**ASSIGNMENT:** Scan the records below for the line containing "本セミナーでは、自社HPによ" and the line containing "4 dele: Spand". Copy both, plus every line between, exactly.

**RECORDS SUPPLIED:**
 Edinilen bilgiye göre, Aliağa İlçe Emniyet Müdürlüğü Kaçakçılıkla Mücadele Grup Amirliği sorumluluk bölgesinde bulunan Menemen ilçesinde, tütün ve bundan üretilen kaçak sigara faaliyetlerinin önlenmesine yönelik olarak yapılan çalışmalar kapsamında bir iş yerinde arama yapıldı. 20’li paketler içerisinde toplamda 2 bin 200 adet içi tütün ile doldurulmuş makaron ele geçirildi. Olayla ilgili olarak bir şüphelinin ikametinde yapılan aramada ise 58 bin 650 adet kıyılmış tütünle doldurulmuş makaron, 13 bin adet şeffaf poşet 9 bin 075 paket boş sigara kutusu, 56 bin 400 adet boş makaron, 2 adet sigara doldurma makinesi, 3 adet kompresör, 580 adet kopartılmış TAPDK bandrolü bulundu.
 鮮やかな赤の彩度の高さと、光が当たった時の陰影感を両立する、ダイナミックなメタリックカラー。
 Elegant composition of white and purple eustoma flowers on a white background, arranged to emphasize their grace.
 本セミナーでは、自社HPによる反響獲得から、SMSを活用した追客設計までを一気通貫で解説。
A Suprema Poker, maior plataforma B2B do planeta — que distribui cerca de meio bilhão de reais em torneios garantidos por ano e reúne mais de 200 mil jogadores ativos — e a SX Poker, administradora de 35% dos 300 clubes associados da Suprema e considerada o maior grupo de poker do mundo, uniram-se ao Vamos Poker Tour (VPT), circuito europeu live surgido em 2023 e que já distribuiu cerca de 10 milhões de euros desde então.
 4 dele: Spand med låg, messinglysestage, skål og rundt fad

--

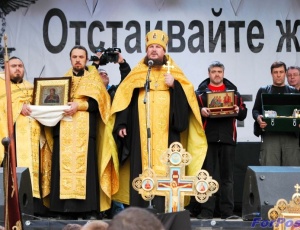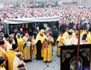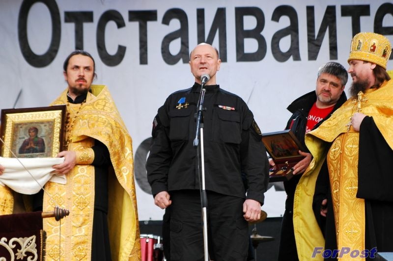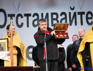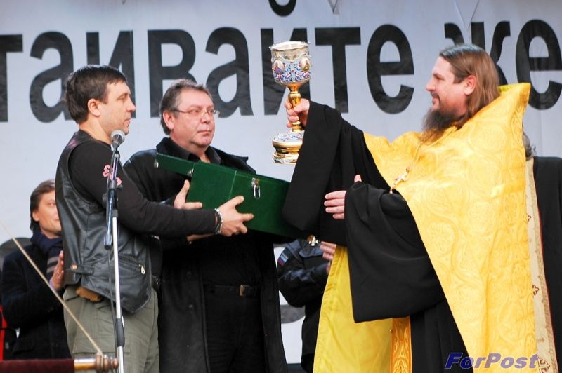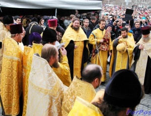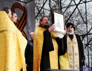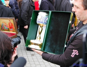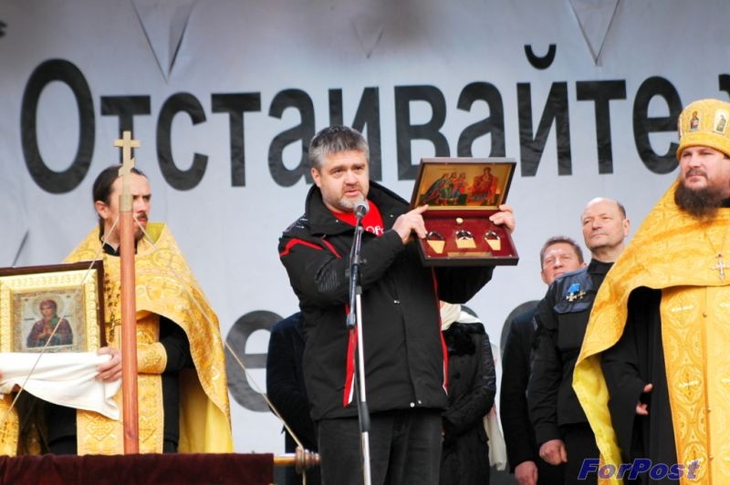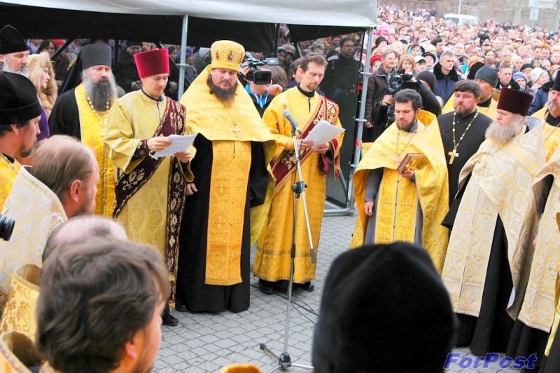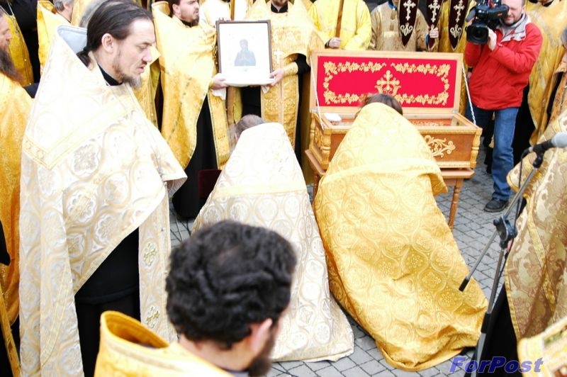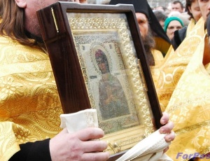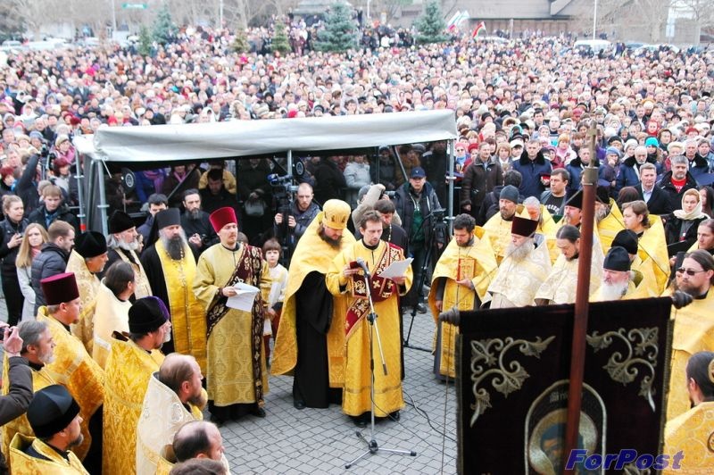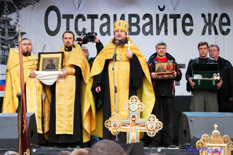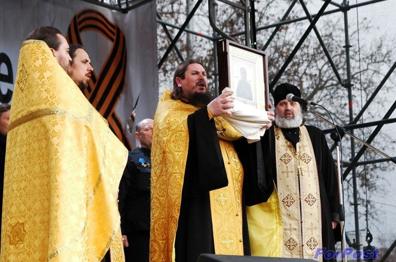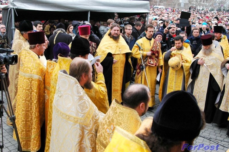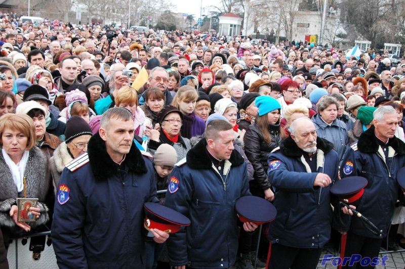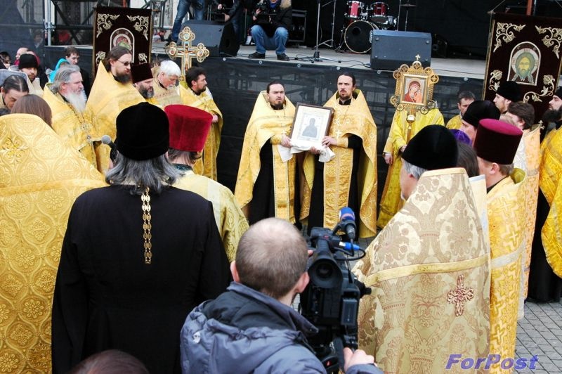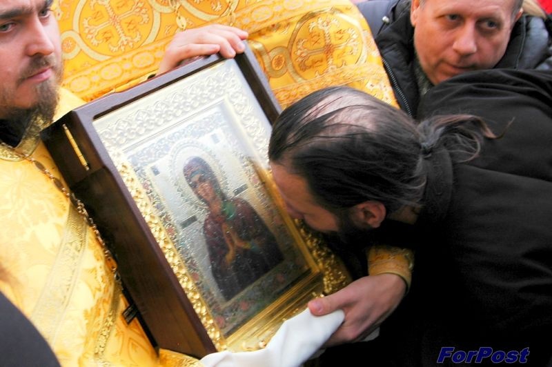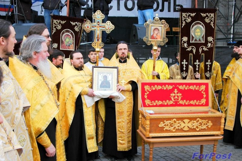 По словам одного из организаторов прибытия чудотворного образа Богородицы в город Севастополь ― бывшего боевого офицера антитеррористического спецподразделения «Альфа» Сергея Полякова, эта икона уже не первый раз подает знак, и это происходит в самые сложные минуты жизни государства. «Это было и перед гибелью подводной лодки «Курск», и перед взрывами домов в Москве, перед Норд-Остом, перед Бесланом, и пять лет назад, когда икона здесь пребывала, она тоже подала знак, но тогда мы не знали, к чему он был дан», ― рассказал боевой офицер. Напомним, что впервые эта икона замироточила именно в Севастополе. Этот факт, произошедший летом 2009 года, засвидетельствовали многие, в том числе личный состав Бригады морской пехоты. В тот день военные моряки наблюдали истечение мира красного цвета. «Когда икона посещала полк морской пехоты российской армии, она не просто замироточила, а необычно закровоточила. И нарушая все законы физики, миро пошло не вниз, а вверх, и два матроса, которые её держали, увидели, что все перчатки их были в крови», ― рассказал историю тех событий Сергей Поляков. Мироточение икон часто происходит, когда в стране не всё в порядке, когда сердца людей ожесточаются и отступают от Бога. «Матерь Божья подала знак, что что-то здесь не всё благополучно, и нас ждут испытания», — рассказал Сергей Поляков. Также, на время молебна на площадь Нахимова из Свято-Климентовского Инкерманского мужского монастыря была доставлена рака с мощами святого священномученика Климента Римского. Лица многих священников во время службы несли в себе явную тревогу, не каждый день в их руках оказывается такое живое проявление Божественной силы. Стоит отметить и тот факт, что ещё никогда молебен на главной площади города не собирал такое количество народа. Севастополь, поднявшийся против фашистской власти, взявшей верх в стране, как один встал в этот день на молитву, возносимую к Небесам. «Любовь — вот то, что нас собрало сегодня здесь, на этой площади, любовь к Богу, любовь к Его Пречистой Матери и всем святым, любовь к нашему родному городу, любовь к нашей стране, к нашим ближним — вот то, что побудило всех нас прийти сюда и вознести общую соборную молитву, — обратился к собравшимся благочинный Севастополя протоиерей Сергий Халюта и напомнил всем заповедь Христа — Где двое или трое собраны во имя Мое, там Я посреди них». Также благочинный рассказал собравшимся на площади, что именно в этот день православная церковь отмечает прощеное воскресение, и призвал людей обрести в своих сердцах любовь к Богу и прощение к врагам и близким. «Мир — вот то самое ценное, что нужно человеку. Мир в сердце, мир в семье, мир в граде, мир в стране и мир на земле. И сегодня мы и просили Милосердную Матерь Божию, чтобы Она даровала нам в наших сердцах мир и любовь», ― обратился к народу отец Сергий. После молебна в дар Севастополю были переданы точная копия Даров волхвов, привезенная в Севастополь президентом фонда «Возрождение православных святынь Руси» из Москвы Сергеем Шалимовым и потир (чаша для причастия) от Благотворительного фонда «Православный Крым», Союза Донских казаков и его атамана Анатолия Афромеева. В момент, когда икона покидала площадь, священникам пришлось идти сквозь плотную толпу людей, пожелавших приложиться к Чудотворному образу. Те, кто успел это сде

**PROBLEM SOLUTION:**
 本セミナーでは、自社HPによる反響獲得から、SMSを活用した追客設計までを一気通貫で解説。
A Suprema Poker, maior plataforma B2B do planeta — que distribui cerca de meio bilhão de reais em torneios garantidos por ano e reúne mais de 200 mil jogadores ativos — e a SX Poker, administradora de 35% dos 300 clubes associados da Suprema e considerada o maior grupo de poker do mundo, uniram-se ao Vamos Poker Tour (VPT), circuito europeu live surgido em 2023 e que já distribuiu cerca de 10 milhões de euros desde então.
 4 dele: Spand med låg, messinglysestage, skål og rundt fad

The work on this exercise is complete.